Studio album by Tim Minchin
- Released: 20 November 2020
- Length: 49:58
- Label: BMG

Tim Minchin chronology
| So Fucking Rock (2013) | Apart Together (2020) | Time Machine (2025) |

Singles from Apart Together
- "Leaving LA" Released: 13 March 2020; "I'll Take Lonely Tonight" Released: 18 June 2020; "Apart Together" Released: 13 August 2020; "Airport Piano" Released: 25 September 2020; "The Absence of You" Released: 30 October 2020;

= Apart Together (album) =

Apart Together is the debut studio album by Australian musician Tim Minchin. It was released on 20 November 2020.

== Background ==
Following his career in musical comedy, Minchin semi-retired from touring after his 2010/11 international arena tour Tim Minchin and the Heritage Orchestra and writing the music and lyrics for the Royal Shakespeare Company's award-winning Matilda the Musical to focus on other projects such as appearing in acting roles as Atticus Fetch in the US series Californication and Judas in the 2012/13 arena tour of Jesus Christ Superstar. At this time, Minchin moved with his family to Los Angeles to write and direct an animated movie for DreamWorks Animation called Larrikins, which was cancelled in March 2017 after four years of work. His second stage musical Groundhog Day had also closed after running for six months on Broadway.
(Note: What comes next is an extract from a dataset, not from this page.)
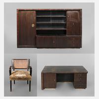 deutsch um 1940, Ausführung Werkstätten für Raumkunst Griese KG Chemnitz, bestehend aus zerlegbarem Bücherschrank mit Barfach, frei im Raum stellbarer Schreibtisch mit rückseitig integriertem Bücherregal sowie einem passendem Sessel mit verschlissenem Polster, alle Teile in Makassar furniert, innen mit Vogelaugenahorn und Mahagoni furniert, eingelassene runde Messingbeschläge, mit Schlüssel, normale Alters- und Gebrauchsspuren, Originalrechnung aus dem Jahre 1940 beiliegend, Maße Schrank 165 x 278 x 60 cm, Maße Schreibtisch 78 x 170 x 89 cm.

After moving to back to Australia, Minchin revealed he was working on an album and visited Australia, New Zealand and the UK for the first time in eight years on the BACK: Old Songs, New Songs, Fuck You Songs tour in 2019/20.
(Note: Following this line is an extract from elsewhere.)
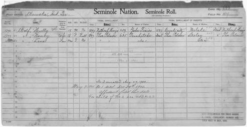 | Keywords: Enrollment for Seminole Census Card 419 - NARA - 267993.tif Scope and content Name Yaha Fixico Type Parent Sex Male City of Residence Creek Name Foushutche Type Parent Sex Male City of Residence tp Name Melake Type Parent Sex Female City of Residence nh Name Seeley Type Parent Sex Female City of Residence tp Name Hully Wolf Type By Blood Age 19 Sex Male Degree Indian Blood 1/2 Roll Number 1398 City of Residence nh Name Lena Wolf Type By Blood Age 1 Sex Female Degree Indian Blood 3/4 Roll Number 1400 City of Residence tp Name Nancy Wolf Type By Blood Age 18 Sex Female Degree Indian Blood Full Roll Number 1399 City of Residence tp General notes 267993 Local identifier 75-53A-SEMINOLE 419 Department of the Interior Office of Indian Affairs Office of the Commissioner to the Five Civilized Tribes 1893 - 1914 NARA's Southwest Region Fort Worth NRFA 1400 John Burgess Drive Fort Worth TX 76140 Record group Record Group 75 Records of the Bureau of Indian Affairs 1793 - 1999 Record group ARC 404 Enrollment Cards compiled 1898 - 1914 Series ARC 251747 File unit File unit ARC Variant control numbers NAIL Control Number NRFF-75-53A-32140<br /> NAIL Control Number NRFF-75-53A-32406<br /> NAIL Control Number NRFF-75-53A-41760<br /> NAIL Control Number NRFF-75-53A-46432<br /> NAIL Control Number NRFF-75-53A-51837<br /> NAIL Control Number NRFF-75-53A-51862<br /> NAIL Control Number NRFF-75-53A-51880<br /> NAIL Control Number NRFF-75-53A-SEMINOLE 419 yes Other versions <gallery> File Enrollment_for_Seminole_Census_Card_419_-_NARA_-_267993 tif tif File Enrollment_for_Seminole_Census_Card_419_-_NARA_-_267993 jpg jpg </gallery> NARA-cooperation PD-USGov Seminole census cards NARA TIF images with categorized JPGs |

In March 2020, it was revealed that Minchin signed a record deal with BMG and would release Apart Together, his debut studio album (after previously releasing numerous live albums of his musical comedy shows), on 20 November 2020. The album contains four songs played on the BACK tour; "If This Plane Goes Down", "Leaving LA", "I'll Take Lonely Tonight" and "Carry You", which was written for the TV series Upright that Minchin starred in, co-wrote, and co-directed.

On 13 March 2020, "Leaving LA" was released as a single with the animated music video by Tee Ken Ng using zoetropes. "I'll Take Lonely Tonight" was released on 18 June 2020, with "Apart Together" on 13 August 2020, and "Airport Piano" on 25 September 2020. The final single from the album, "The Absence of You", was released on 30 October 2020, alongside a one-shot music video.

== Track listing ==

Apart Together track listing
| No. | Title | Length |
|---|---|---|
| 1. | "Summer Romance" | 4:37 |
| 2. | "Apart Together" | 4:15 |
| 3. | "Airport Piano" | 3:53 |
| 4. | "The Absence of You" | 4:30 |
| 5. | "I Can't Save You" | 3:41 |
| 6. | "Talked Too Much, Stayed Too Long" | 4:48 |
| 7. | "Leaving LA" | 4:55 |
| 8. | "I'll Take Lonely Tonight" | 6:29 |
| 9. | "Beautiful Head" | 4:02 |
| 10. | "If This Plane Goes Down" | 5:11 |
| 11. | "Carry You" | 3:37 |
| Total length: |  | 49:58 |

==Charts==

Chart performance for Apart Together
| Chart (2020) | Peak position |
|---|---|
| Australian Albums (ARIA) | 3 |
| Scottish Albums (Official Charts) | 21 |
| UK Albums (Official Charts) | 27 |

== Live performances ==
On 19 November 2020, a pre-recorded concert of the album was released online worldwide for 48 hours during the COVID-19 pandemic. The concert was filmed at the Trackdown Studios in Sydney. This was again released on YouTube on 16 November 2023.

On 20 and 21 February 2021, Minchin performed the album with the West Australian Symphony Orchestra (conducted by Jessica Gethin) at the Kings Park and Botanic Garden, in Perth, Western Australia as part of the Perth Festival. The concert also ended with "When I Grow Up" (from Matilda) and "White Wine in the Sun" performed as encores.